Output nothing but the lines from the first line of the entries to the line with "当前位置: 首页 >山东省济南市纹身店-云天宗刺青纹身图案>花臂一角纹身图片", inclusive, exactly as they read.

Start of Study material

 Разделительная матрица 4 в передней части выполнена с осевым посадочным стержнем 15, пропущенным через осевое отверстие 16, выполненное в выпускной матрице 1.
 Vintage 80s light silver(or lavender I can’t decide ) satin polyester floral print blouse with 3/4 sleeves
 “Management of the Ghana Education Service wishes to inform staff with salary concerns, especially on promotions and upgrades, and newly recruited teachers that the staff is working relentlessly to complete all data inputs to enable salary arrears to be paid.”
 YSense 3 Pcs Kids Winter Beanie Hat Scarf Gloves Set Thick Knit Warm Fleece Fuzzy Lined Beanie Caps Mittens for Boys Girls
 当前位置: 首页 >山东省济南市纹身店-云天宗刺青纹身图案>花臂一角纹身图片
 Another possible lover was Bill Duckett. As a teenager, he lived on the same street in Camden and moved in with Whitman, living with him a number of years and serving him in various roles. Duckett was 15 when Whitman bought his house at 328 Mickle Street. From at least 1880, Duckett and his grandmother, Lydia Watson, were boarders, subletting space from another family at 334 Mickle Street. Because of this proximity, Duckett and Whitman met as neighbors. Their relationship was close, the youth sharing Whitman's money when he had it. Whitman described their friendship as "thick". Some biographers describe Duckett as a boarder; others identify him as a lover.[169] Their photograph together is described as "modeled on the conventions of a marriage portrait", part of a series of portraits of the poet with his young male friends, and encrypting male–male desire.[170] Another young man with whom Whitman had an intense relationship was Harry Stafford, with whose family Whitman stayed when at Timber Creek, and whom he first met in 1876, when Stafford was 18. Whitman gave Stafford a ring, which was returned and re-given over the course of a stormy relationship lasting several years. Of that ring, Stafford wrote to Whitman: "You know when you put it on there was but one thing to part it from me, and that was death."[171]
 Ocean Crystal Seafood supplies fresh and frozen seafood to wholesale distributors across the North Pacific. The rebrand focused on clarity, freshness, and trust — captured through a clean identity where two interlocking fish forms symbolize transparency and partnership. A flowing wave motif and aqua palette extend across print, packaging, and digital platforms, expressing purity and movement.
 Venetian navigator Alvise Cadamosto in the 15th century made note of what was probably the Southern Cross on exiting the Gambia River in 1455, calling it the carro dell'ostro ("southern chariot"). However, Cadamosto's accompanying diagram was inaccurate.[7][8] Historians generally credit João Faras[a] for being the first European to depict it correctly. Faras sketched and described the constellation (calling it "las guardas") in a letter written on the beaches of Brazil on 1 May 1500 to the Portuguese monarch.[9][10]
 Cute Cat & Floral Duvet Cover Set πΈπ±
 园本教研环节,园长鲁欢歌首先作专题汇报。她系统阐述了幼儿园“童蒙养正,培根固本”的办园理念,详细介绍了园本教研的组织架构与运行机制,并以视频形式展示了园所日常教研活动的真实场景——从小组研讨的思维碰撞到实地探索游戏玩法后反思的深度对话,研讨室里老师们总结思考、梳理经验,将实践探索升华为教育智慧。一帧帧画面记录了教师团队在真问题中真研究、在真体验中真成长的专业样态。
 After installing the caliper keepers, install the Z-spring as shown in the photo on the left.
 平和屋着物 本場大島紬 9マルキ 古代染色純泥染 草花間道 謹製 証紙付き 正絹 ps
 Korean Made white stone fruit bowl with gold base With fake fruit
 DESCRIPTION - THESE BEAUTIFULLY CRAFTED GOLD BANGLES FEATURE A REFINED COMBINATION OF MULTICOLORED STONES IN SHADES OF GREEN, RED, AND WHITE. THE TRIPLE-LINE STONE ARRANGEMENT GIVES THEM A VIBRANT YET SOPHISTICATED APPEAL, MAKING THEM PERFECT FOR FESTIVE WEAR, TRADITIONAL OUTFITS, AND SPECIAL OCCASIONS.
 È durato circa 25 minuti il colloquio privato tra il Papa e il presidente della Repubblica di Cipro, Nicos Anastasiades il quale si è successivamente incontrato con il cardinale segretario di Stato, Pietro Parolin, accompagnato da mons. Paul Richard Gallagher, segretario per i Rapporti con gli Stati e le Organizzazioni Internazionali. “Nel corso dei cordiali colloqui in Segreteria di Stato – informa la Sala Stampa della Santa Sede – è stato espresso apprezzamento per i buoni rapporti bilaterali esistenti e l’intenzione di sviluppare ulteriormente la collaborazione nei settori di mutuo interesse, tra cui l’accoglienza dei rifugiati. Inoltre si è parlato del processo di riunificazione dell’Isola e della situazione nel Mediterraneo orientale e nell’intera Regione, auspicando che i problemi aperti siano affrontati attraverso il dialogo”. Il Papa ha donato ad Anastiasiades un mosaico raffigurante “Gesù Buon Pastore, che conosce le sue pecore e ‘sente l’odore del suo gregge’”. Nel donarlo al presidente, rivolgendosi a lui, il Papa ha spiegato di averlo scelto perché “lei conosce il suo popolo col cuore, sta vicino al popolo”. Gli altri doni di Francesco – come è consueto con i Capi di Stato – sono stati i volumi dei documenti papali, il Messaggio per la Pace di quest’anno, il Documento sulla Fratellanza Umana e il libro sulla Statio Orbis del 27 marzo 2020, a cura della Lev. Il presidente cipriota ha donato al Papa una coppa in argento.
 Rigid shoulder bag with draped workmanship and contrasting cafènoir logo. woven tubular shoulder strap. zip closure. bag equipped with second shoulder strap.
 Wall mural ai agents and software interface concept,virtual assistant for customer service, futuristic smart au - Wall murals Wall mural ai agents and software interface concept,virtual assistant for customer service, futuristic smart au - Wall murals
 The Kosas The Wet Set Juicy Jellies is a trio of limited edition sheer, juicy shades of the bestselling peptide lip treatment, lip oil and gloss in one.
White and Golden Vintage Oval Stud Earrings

End of Study material

**Problem solution:**
 Разделительная матрица 4 в передней части выполнена с осевым посадочным стержнем 15, пропущенным через осевое отверстие 16, выполненное в выпускной матрице 1.
 Vintage 80s light silver(or lavender I can’t decide ) satin polyester floral print blouse with 3/4 sleeves
 “Management of the Ghana Education Service wishes to inform staff with salary concerns, especially on promotions and upgrades, and newly recruited teachers that the staff is working relentlessly to complete all data inputs to enable salary arrears to be paid.”
 YSense 3 Pcs Kids Winter Beanie Hat Scarf Gloves Set Thick Knit Warm Fleece Fuzzy Lined Beanie Caps Mittens for Boys Girls
 当前位置: 首页 >山东省济南市纹身店-云天宗刺青纹身图案>花臂一角纹身图片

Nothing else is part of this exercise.